**WHAT NEEDS TO BE DONE**
For this exercise, copy the data exactly and omit any images.
***** GIVEN INFORMATION
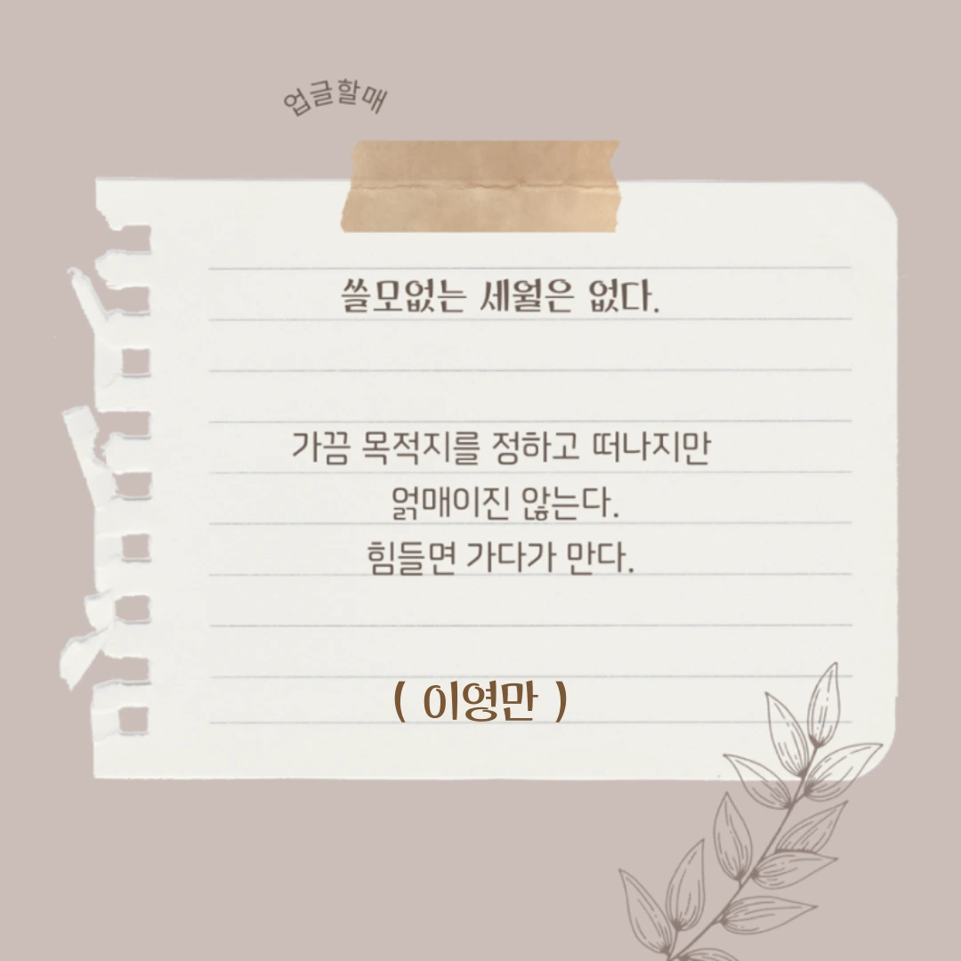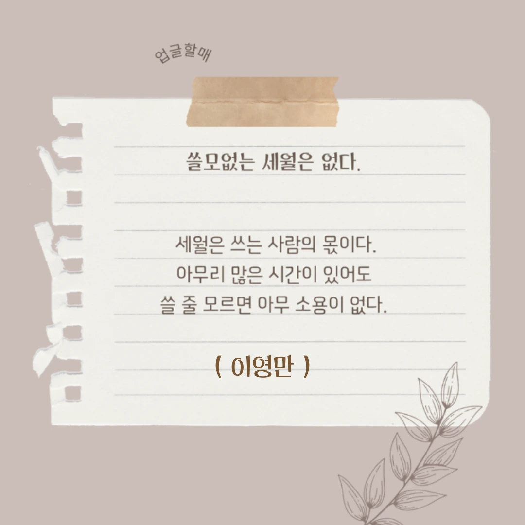 세월은 쓰는 사람의 몫이란다. 아무리 많은 시간이 있어도 쓸 줄 모르면 아무 소용이 없다는 이영만 작가님의 말씀에 무조건 한 표를 던진다.
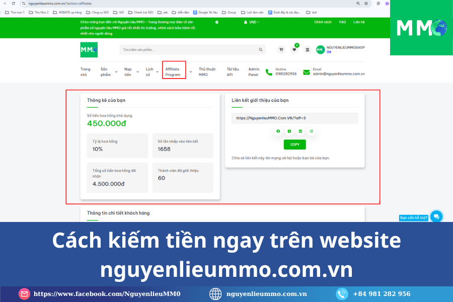 Nhờ đó, bạn có thể vừa mua nguyên liệu MMO giá rẻ, vừa kiếm thêm thu nhập thụ động từ việc chia sẻ link giới thiệu.
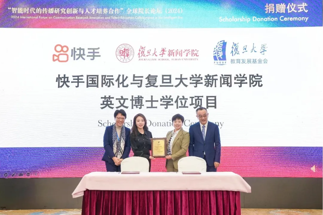 11月24日,由復(fù)旦大學(xué)新聞學(xué)院主辦的“智能時(shí)代的傳播研究創(chuàng)新與人才培養(yǎng)合作”全球院長論壇在復(fù)旦大學(xué)召開。論壇開幕式上舉行了快手國際化——復(fù)旦大學(xué)新聞學(xué)院英文博士項(xiàng)目獎(jiǎng)學(xué)金捐贈(zèng)儀式。復(fù)旦大學(xué)對外聯(lián)絡(luò)與發(fā)展處副處長、上海復(fù)旦大學(xué)教育發(fā)展基金會(huì)副秘書長林晶晶向快手國際化事業(yè)部人力資源高級總監(jiān)徐康楠頒發(fā)捐贈(zèng)牌。
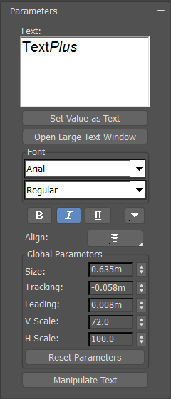 TextPlus provides an all-in-one text object. You can create a spline outline or solid, extruded, beveled geometry. Additional options let you apply different fonts and styles on a per-character basis and add animation and special effects.
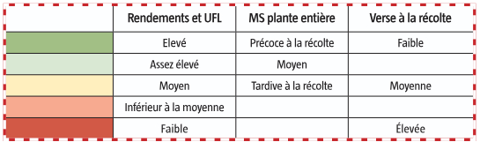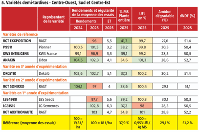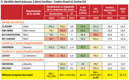 Parmi les plus tardives, LID3999C se distingue par de bons rendements en première année et une valeur UFL élevée, malgré une faible teneur en amidon. Précoce à la floraison, LG31301 obtient de très bons rendements et une valeur UFL à la fois élevée et équilibrée entre fibres et amidon digestibles (vigilance sur la tenue des tiges). Citons également KWS Zuko, pour ses rendements élevés dans la zone nord-est et Collection, pour son équilibre entre rendements et valeurs alimentaires.
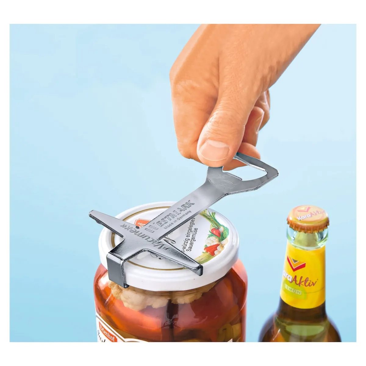 Mit diesem genialen Helfer lösen Sie im Nu das Vakuum von Schraubgläsern – ohne großen Krafteinsatz und ohne den Deckel zu beschädigen. Für Deckel bis 19 mm Höhe.
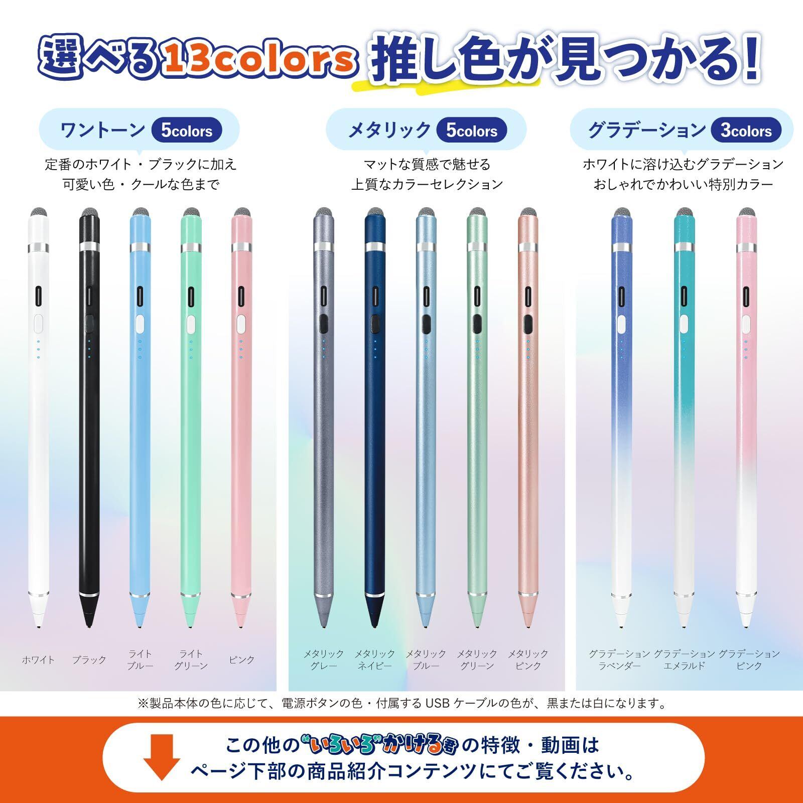 【対応機種】:iPad(アイパッド)などのタブレット、iPhone(アイフォン)、Android(アンドロイド)などのスマホに対応しています。※本製品は様々な機種に対応しておりますが、汎用タイプのタッチペンの特性上、機種や使用アプリ、または個人の感覚によっては、遅延を感じる場合がございます。【いろいろかける君 セット内容】:タッチペン×1本、交換用導電繊維ペン先×1個、充電用USB type-Cケーブル×1本、取扱説明書 ※1.充電用type-Cケーブルの色は本体色によって異なります。
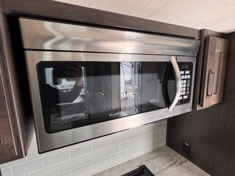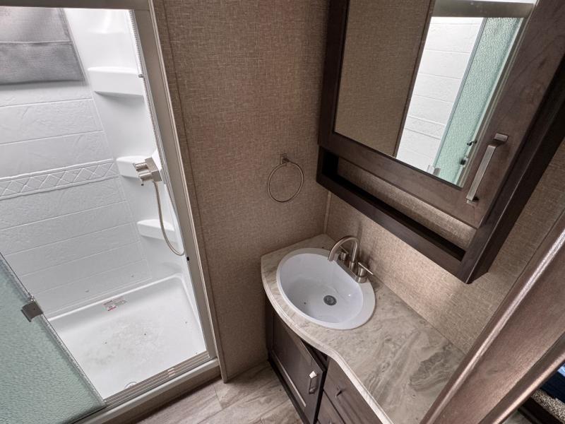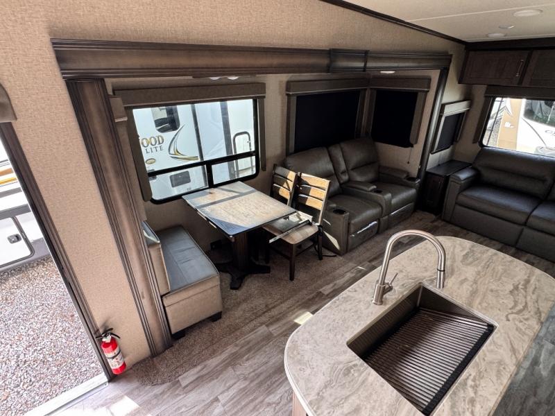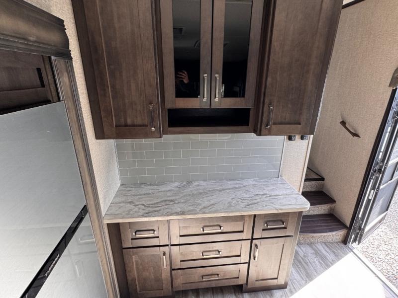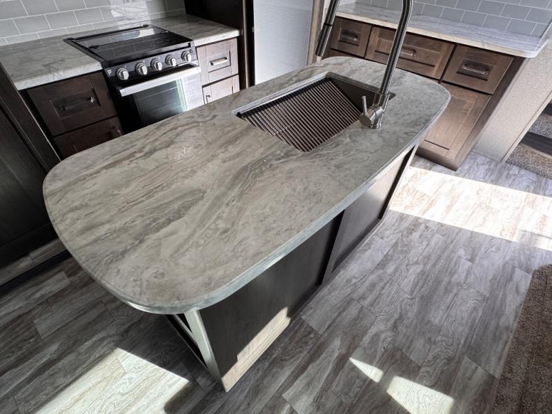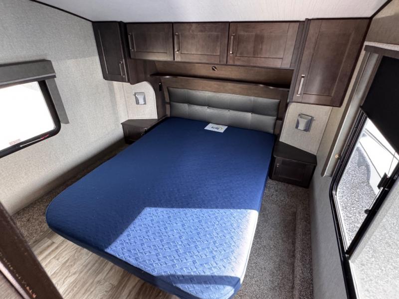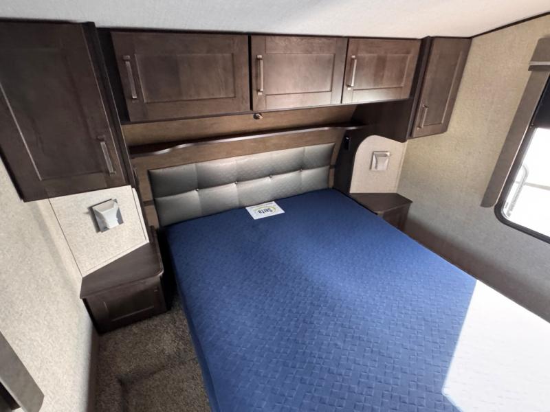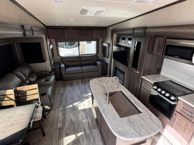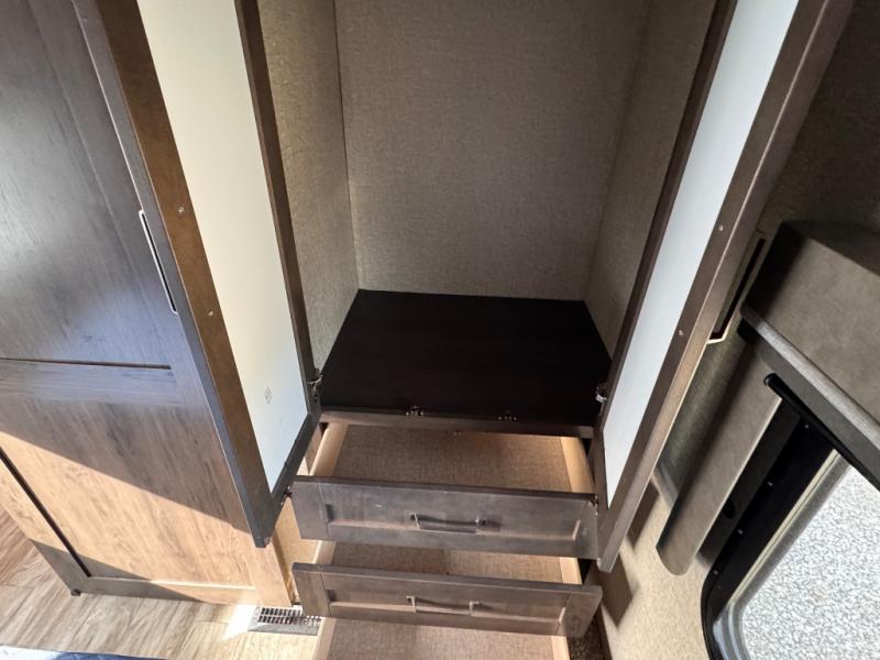 Get ready to enjoy everything the campgrounds and surrounding area has to offer when you are setup to camp in this fifth wheel! The two electric awnings offer protected areas creating outdoor living spaces, just grab your camping chairs from the unobstructed pass-through storage. And the interior offers a spacious living area and kitchen combination with two slide outs. You can sit on the tri-fold sofa or the dinette with an option for a free standing dinette. The hutch and kitchen island offer counter space to prepare and serve meals, and there is a large pantry for goodies. The 40" LED HDTV with fireplace below provides entertainment before bedtime or on a rainy day. And the front bedroom offers privacy, a walk-around queen bed, storage, and it is next to the full bathroom which is just a few steps down the hallway.
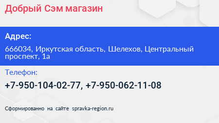 Добрый Сэм, магазин по адресу 666034, Иркутская область, Шелехов, Центральный проспект, 1а в дальнейшем Организация, размещена в следующих категориях:
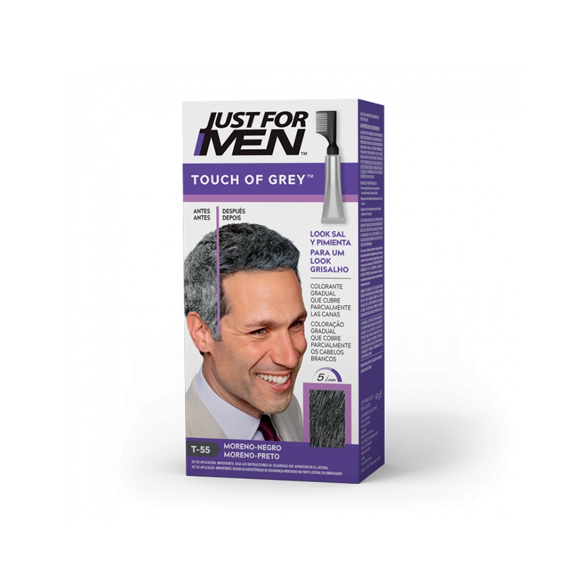 <p>Špeciálna farba na vlasy Just for men Touch of gray T-55 Black poskytuje rýchle prekrytie šedín bez potreby farbenia celých vlasov, ak sa šediny vyskytujú len na niektorých miestach hlavy.</p><ul><li>Rýchle prekrytie šedín </li><li>Bez potreby farbenia celých vlasov</li><li>Prirodzený vzhľad </li><li>Komfortné zloženie pre pokožku hlavy</li><li>Praktická aplikácia farby</li></ul><p></p><p><b>Použitie</b>: Postupujte podľa návodu v balení. </p><div><br></div><p><b>Upozornenie: </b>Pred použitím sa odporúča vykonať test kožnej znášanlivosti. Zabráňte styku s očami. Ak sa výrobok dostane do očí, vypláchnite ich dôkladne vodou. Len na vonkajšie použitie. Uchovávajte mimo dosahu detí a ohňa.</p><p><br></p><p><b>Zloženie produktu:</b></p><p>Voda, kokosový glukozid, aminometylpropanol, izopropylalkohol, karbomér, izopropylacetát, vôňa, trisodná soľ edta, 2-metyl-5-hydroxyetylaminofenol, 1,2,4 trihydroxybenzén, P fenyléndiamín, kyselina erytorbová, aminometylpropanolsulfát P-aminofenol, N,N-bis(2-hydroxyetyl)-P-fenyléndiamínsulfát, cinnamidopropyltrimoniumchlorid.</p>
**********
**EXERCISE ANSWER**
 세월은 쓰는 사람의 몫이란다. 아무리 많은 시간이 있어도 쓸 줄 모르면 아무 소용이 없다는 이영만 작가님의 말씀에 무조건 한 표를 던진다.
 Nhờ đó, bạn có thể vừa mua nguyên liệu MMO giá rẻ, vừa kiếm thêm thu nhập thụ động từ việc chia sẻ link giới thiệu.
 11月24日,由復(fù)旦大學(xué)新聞學(xué)院主辦的“智能時(shí)代的傳播研究創(chuàng)新與人才培養(yǎng)合作”全球院長論壇在復(fù)旦大學(xué)召開。論壇開幕式上舉行了快手國際化——復(fù)旦大學(xué)新聞學(xué)院英文博士項(xiàng)目獎(jiǎng)學(xué)金捐贈(zèng)儀式。復(fù)旦大學(xué)對外聯(lián)絡(luò)與發(fā)展處副處長、上海復(fù)旦大學(xué)教育發(fā)展基金會(huì)副秘書長林晶晶向快手國際化事業(yè)部人力資源高級總監(jiān)徐康楠頒發(fā)捐贈(zèng)牌。
 TextPlus provides an all-in-one text object. You can create a spline outline or solid, extruded, beveled geometry. Additional options let you apply different fonts and styles on a per-character basis and add animation and special effects.
 Parmi les plus tardives, LID3999C se distingue par de bons rendements en première année et une valeur UFL élevée, malgré une faible teneur en amidon. Précoce à la floraison, LG31301 obtient de très bons rendements et une valeur UFL à la fois élevée et équilibrée entre fibres et amidon digestibles (vigilance sur la tenue des tiges). Citons également KWS Zuko, pour ses rendements élevés dans la zone nord-est et Collection, pour son équilibre entre rendements et valeurs alimentaires.
 Mit diesem genialen Helfer lösen Sie im Nu das Vakuum von Schraubgläsern – ohne großen Krafteinsatz und ohne den Deckel zu beschädigen. Für Deckel bis 19 mm Höhe.
 【対応機種】:iPad(アイパッド)などのタブレット、iPhone(アイフォン)、Android(アンドロイド)などのスマホに対応しています。※本製品は様々な機種に対応しておりますが、汎用タイプのタッチペンの特性上、機種や使用アプリ、または個人の感覚によっては、遅延を感じる場合がございます。【いろいろかける君 セット内容】:タッチペン×1本、交換用導電繊維ペン先×1個、充電用USB type-Cケーブル×1本、取扱説明書 ※1.充電用type-Cケーブルの色は本体色によって異なります。
 Get ready to enjoy everything the campgrounds and surrounding area has to offer when you are setup to camp in this fifth wheel! The two electric awnings offer protected areas creating outdoor living spaces, just grab your camping chairs from the unobstructed pass-through storage. And the interior offers a spacious living area and kitchen combination with two slide outs. You can sit on the tri-fold sofa or the dinette with an option for a free standing dinette. The hutch and kitchen island offer counter space to prepare and serve meals, and there is a large pantry for goodies. The 40" LED HDTV with fireplace below provides entertainment before bedtime or on a rainy day. And the front bedroom offers privacy, a walk-around queen bed, storage, and it is next to the full bathroom which is just a few steps down the hallway.
 Добрый Сэм, магазин по адресу 666034, Иркутская область, Шелехов, Центральный проспект, 1а в дальнейшем Организация, размещена в следующих категориях:
 <p>Špeciálna farba na vlasy Just for men Touch of gray T-55 Black poskytuje rýchle prekrytie šedín bez potreby farbenia celých vlasov, ak sa šediny vyskytujú len na niektorých miestach hlavy.</p><ul><li>Rýchle prekrytie šedín </li><li>Bez potreby farbenia celých vlasov</li><li>Prirodzený vzhľad </li><li>Komfortné zloženie pre pokožku hlavy</li><li>Praktická aplikácia farby</li></ul><p></p><p><b>Použitie</b>: Postupujte podľa návodu v balení. </p><div><br></div><p><b>Upozornenie: </b>Pred použitím sa odporúča vykonať test kožnej znášanlivosti. Zabráňte styku s očami. Ak sa výrobok dostane do očí, vypláchnite ich dôkladne vodou. Len na vonkajšie použitie. Uchovávajte mimo dosahu detí a ohňa.</p><p><br></p><p><b>Zloženie produktu:</b></p><p>Voda, kokosový glukozid, aminometylpropanol, izopropylalkohol, karbomér, izopropylacetát, vôňa, trisodná soľ edta, 2-metyl-5-hydroxyetylaminofenol, 1,2,4 trihydroxybenzén, P fenyléndiamín, kyselina erytorbová, aminometylpropanolsulfát P-aminofenol, N,N-bis(2-hydroxyetyl)-P-fenyléndiamínsulfát, cinnamidopropyltrimoniumchlorid.</p>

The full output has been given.